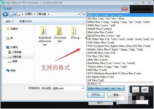 3、这是软件支持的视频格式,如果打开没有看到想要的分解的视频,记得选中展开所有文件。
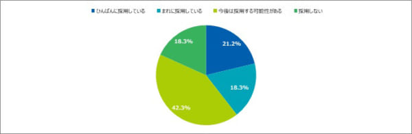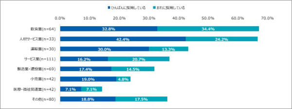 「外国人(留学生など)を新規採用しているか」については「ひんぱんに採用している」が21.2%、「まれに採用している」が18.3%と、合わせて39.5%の企業が「外国人を新規採用している」と回答。業種別で見ると「飲食業」(67.2%)「人材サービス業」(66.6%)が過半数を超えた。
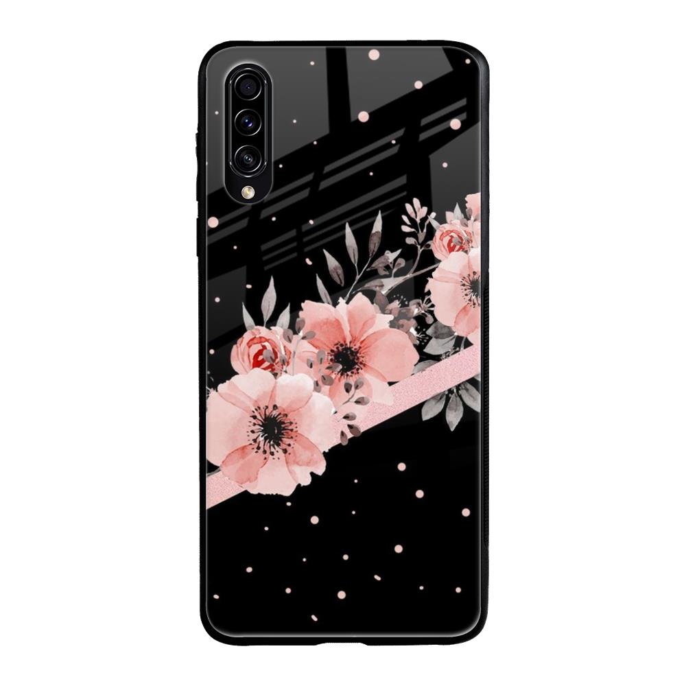 Floral Black Band Glass Case For Samsung Galaxy A70s
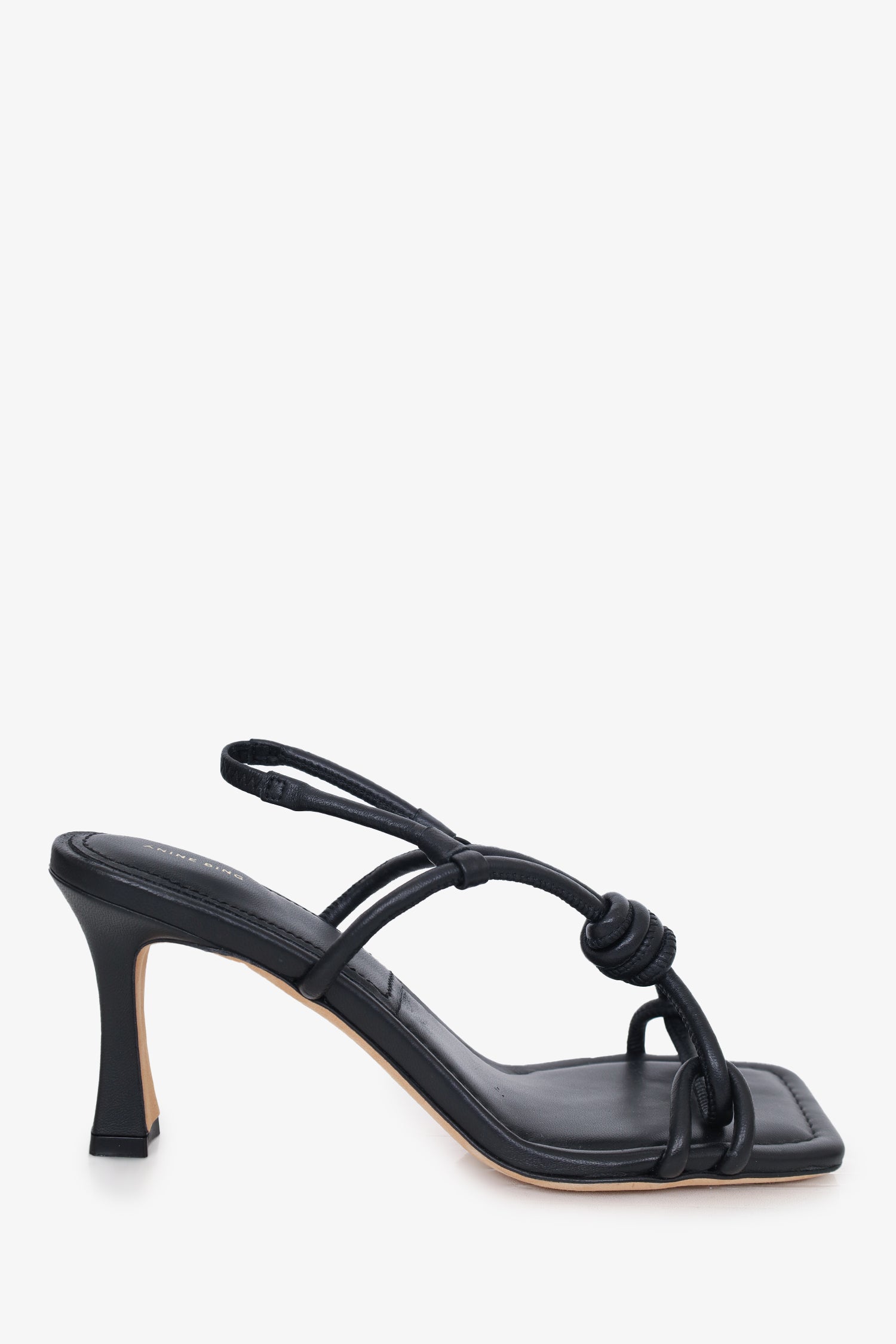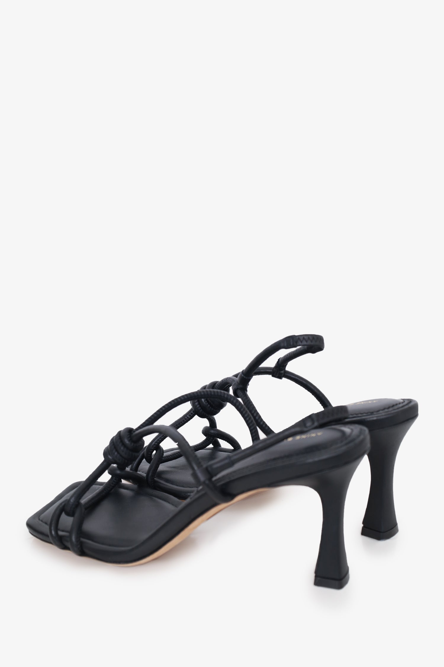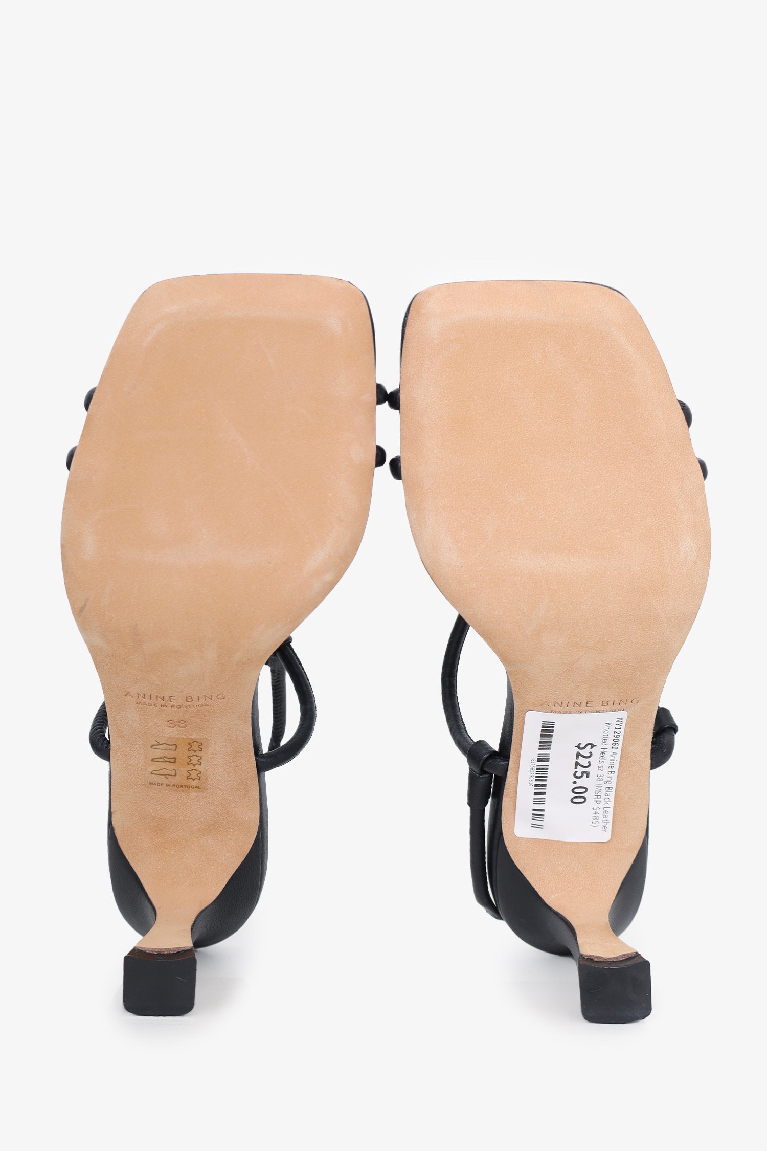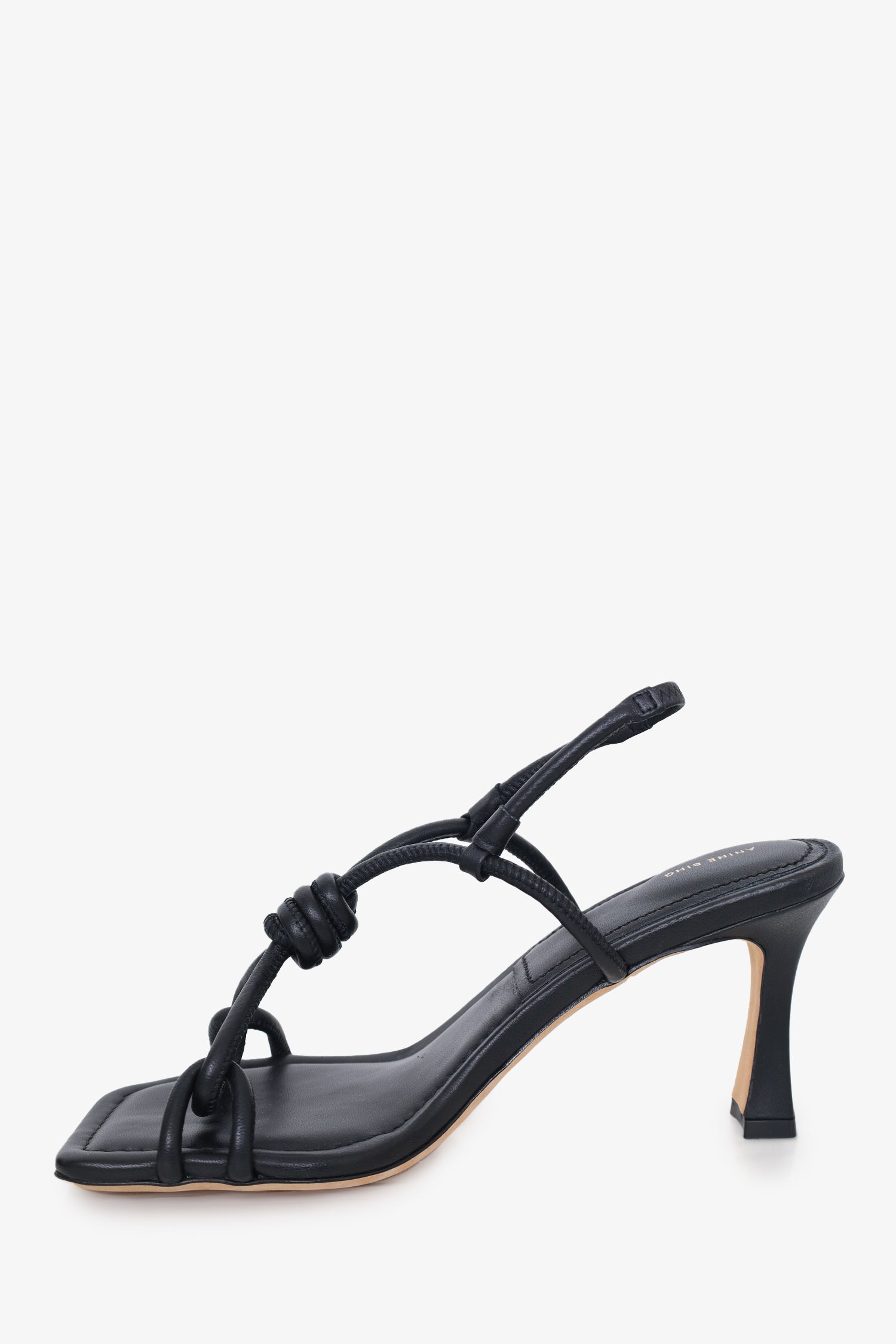 Refresh availabilityAnine Bing Black Leather Knotted Heels. Square toe. Elasticated back strap. Tonal stitching.
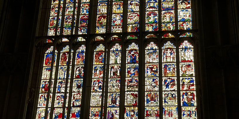 The window with five long sections of glass was built in 1405 and later called the "Five Sisters". The window on the east end in the Ladies Chapel contains 100,000 pieces of glass, making it the world's largest stained glass from the Middle Ages. The stained-glass is especially important with a total of 128 windows making up the largest collection of medieval glass in the world containing a total of about 2 million individual pieces.
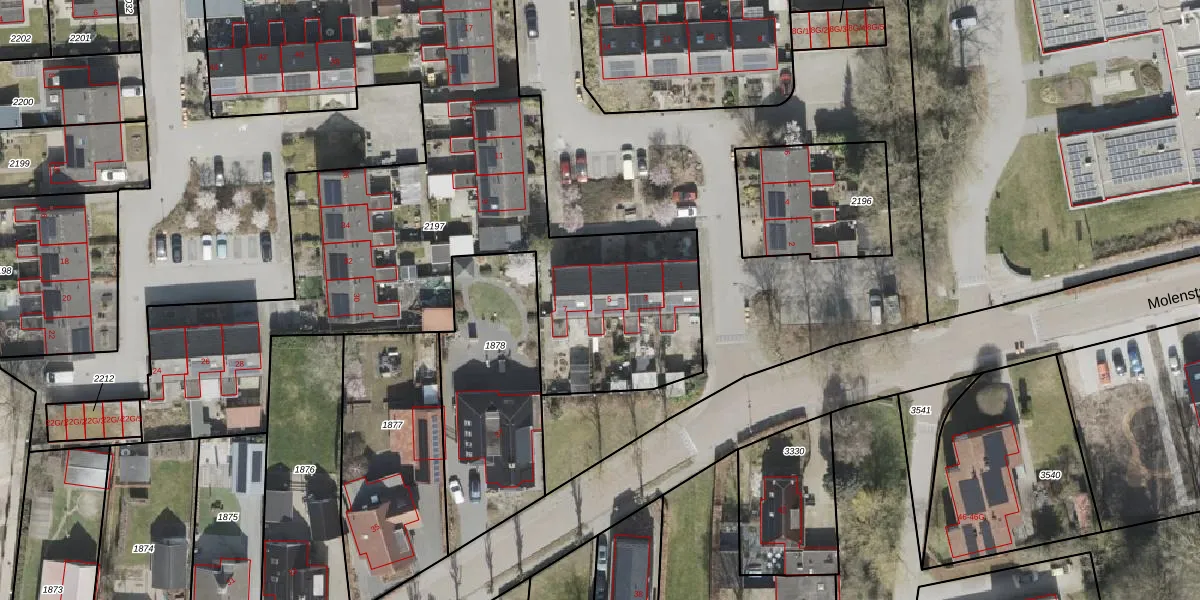 Het perceel waarop Molenakkers 5 staat heeft een oppervlakte van 3440 m². Dit is een zeer groot perceel. De perceeloppervlakte wordt geregistreerd door het Kadaster. Gedetailleerde informatie over de maten van dit perceel kunt u vinden in het rapport Kadastrale kaart met maatvoering van Molenakkers 5.
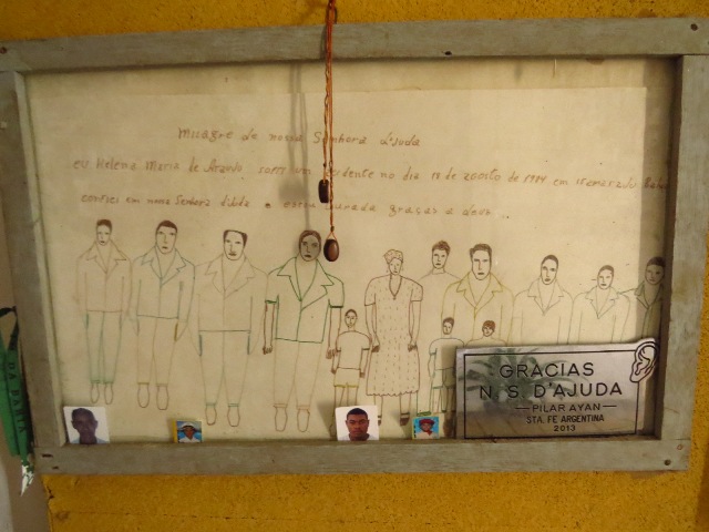 Quadro Ex-votivo com desenho, fotos, texto e tarja identificando: “GRACIAS/N. S. D’AJUDA/-PILAR AYAN-/STA. FE ARGENTINA/2013”

:::::

• **What you will do**
Leave the pictures out and reproduce exactly the lines from the top of the listing above through the line with "Refresh availabilityAnine Bing".

• **Reply**
 3、这是软件支持的视频格式,如果打开没有看到想要的分解的视频,记得选中展开所有文件。
 「外国人(留学生など)を新規採用しているか」については「ひんぱんに採用している」が21.2%、「まれに採用している」が18.3%と、合わせて39.5%の企業が「外国人を新規採用している」と回答。業種別で見ると「飲食業」(67.2%)「人材サービス業」(66.6%)が過半数を超えた。
 Floral Black Band Glass Case For Samsung Galaxy A70s
 Refresh availabilityAnine Bing Black Leather Knotted Heels. Square toe. Elasticated back strap. Tonal stitching.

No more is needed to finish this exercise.